In a memory system, for example, a data-mask command can be encoded
into one of the remaining combinations. (As is well known, memory
controllers can use a data-mask command to instruct a memory device
to ignore incoming data.) More generally, N-bit data and the timing
information required to sample the data is conveyed economically
using N+1 bits.
[0025] Returning to FIG. 2, encoder 125 includes a divider 205,
group-select logic 210, a group register 215, and a look-up table
(LUT) 220. Divider 205 divides each incoming 8-bit sub-word
Da.sub.n[7:0] by 24 (11000b), which provides a 4-bit quotient
Q.sub.n[3:0] and a 5-bit remainder R.sub.n[4:0]. Group-select logic
210 then calculates the current 4-bit group number G.sub.n[3:0] by
incrementing the sum of the quotient Q.sub.n[3:0] and the preceding
group number G.sub.n-1[3:0] and taking the modulo twelve (mod
1100b) of the result. Register 215 stores the current group number
G.sub.n[3:0] for the next calculation.
[0026] LUT 220 looks up the current code word Da0.sub.n[8:0] using
the current group number G.sub.n[3:0] and remainder R.sub.n[4:0].

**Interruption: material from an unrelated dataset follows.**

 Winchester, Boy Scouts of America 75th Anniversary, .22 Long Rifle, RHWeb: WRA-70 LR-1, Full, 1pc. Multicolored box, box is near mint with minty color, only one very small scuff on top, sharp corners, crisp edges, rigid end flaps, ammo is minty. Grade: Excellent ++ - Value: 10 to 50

Considering Table 1 and assuming group number G.sub.n[3:0] is 1010b
and remainder R.sub.n[4:0] is 0000b, then Da[8:5] is 0111b and
Da0[4:0] is 00001b, i.e., Da[8:0] is 011100001b, which has a
Hamming weight of four. Encoder 125 similarly encodes the entire
set of 8-bit binary numbers into 9-bit code words with Hamming
weights of three, four, or five. This code space has the advantage
of low switching-induced supply noise. Further, although not
required for the embodiment of FIG. 1, the code space of encoder
125 provides sufficient transition density to support clock
recovery.
[0027] FIG. 3 depicts receiver RX0 of FIG. 1 in accordance with one
embodiment. Receiver RX0 is a 9 b/8 b decoder, an instance of which
may also be used for receiver RX90. Decoder RX90 can be implemented
using synchronous logic timed to decode 9-bit codes words or
sub-words into 8-bit codes. For example, in the embodiment of FIG.

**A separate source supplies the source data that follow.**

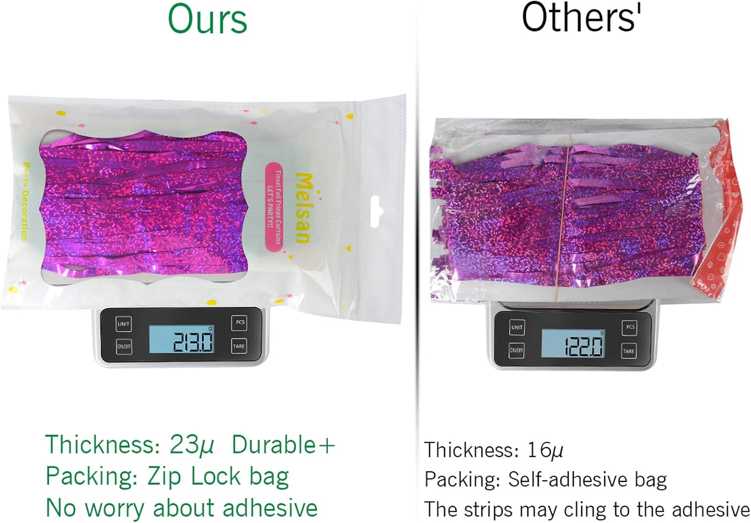 • The size of each metallic tinsel foil fringe curtain is 3.2 feet wide and 8 feet long, Package include 2 pack foil fringe curtains, suitable for hanging on a door or coverage a wall fully
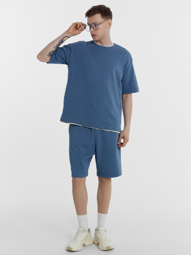 Однотонный мужской комплект из легкого хлопкового футера. Шорты прямые и свободные, длиной выше колена, с боковыми карманами и накладным сзади. Внутри пояса – эластичная тесьма и шнурок-завязка, который позволяет регулировать ширину в талии. Футболка прямая и свободная, со спущенной линией плеча и круглым вырезом. Стильная и невероятно удобная модель — отличный выбор на каждый день в теплое время года. Широкий размерный и цветовой ряд. Рекомендуем!
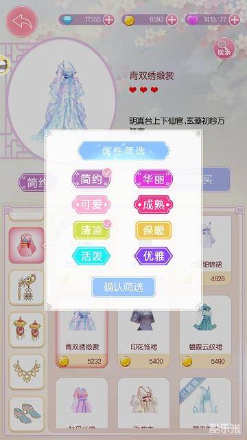 《锦绣奇缘》服饰共有8个属性标签,分别是清凉、保暖、活泼、优雅、简约、华丽、可爱、成熟。每一件服饰都有2个属性。玩家可以使用搜索功能,选择属性标签,筛选出自己需要的服饰
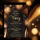 Invitación Con Relieve Metalizado Fireworks Black Gold New Years Eve Party

1, receiver RX0 recovers data Da[7:0] from code words
Da0.sub.n[8:0] using clock signal RxClk90.
[0028] Decoder RX0 includes a LUT 305, multiply and add block 310,
a quotient block 315, and a group register 320. LUT 305 performs
the inverse function of LUT 220 of FIG. 2, and its operation can be
implemented as shown in Table 1. Using the prior example in which
the 9-bit code word Da0.sub.n[8:0] is 011100001b (i.e.,
Da0.sub.n[8:5] is 0111b and Da0.sub.n[4:0] is 00001b), Table 1
provides that group number G.sub.n[3:0] is 1010b and remainder
R.sub.n[4:0] is 00000b. Block 315 calculates quotient Q.sub.n[3:0]

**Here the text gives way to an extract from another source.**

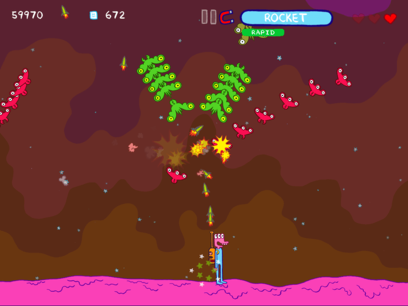 Glorkian Warrior: The Trials of Glork is a collaboration between acclaimed comic book artist James Kochalka and indie game studio Pixeljam. It’s a unique hybrid of Galaga-style shoot ‘em up, simple platforming action and Saturday morning cartoon. Help Glorkian Warrior defend his asteroid against an endless onslaught of alien invaders, and be prepared for somewhat unexpected results…

by decrementing the difference between the current and previous
group numbers G.sub.n[3:0] and G.sub.n-1[3:0] and taking the modulo
twelve (mod 1100b) of the result. Register 320 stores the current
group number G.sub.n[3:0] for use with the next code word. Finally,
block 310 produces the 8-bit output data Da.sub.n[7:0] by adding
the remainder R.sub.n[4:0] to the product of twenty-four (11000b)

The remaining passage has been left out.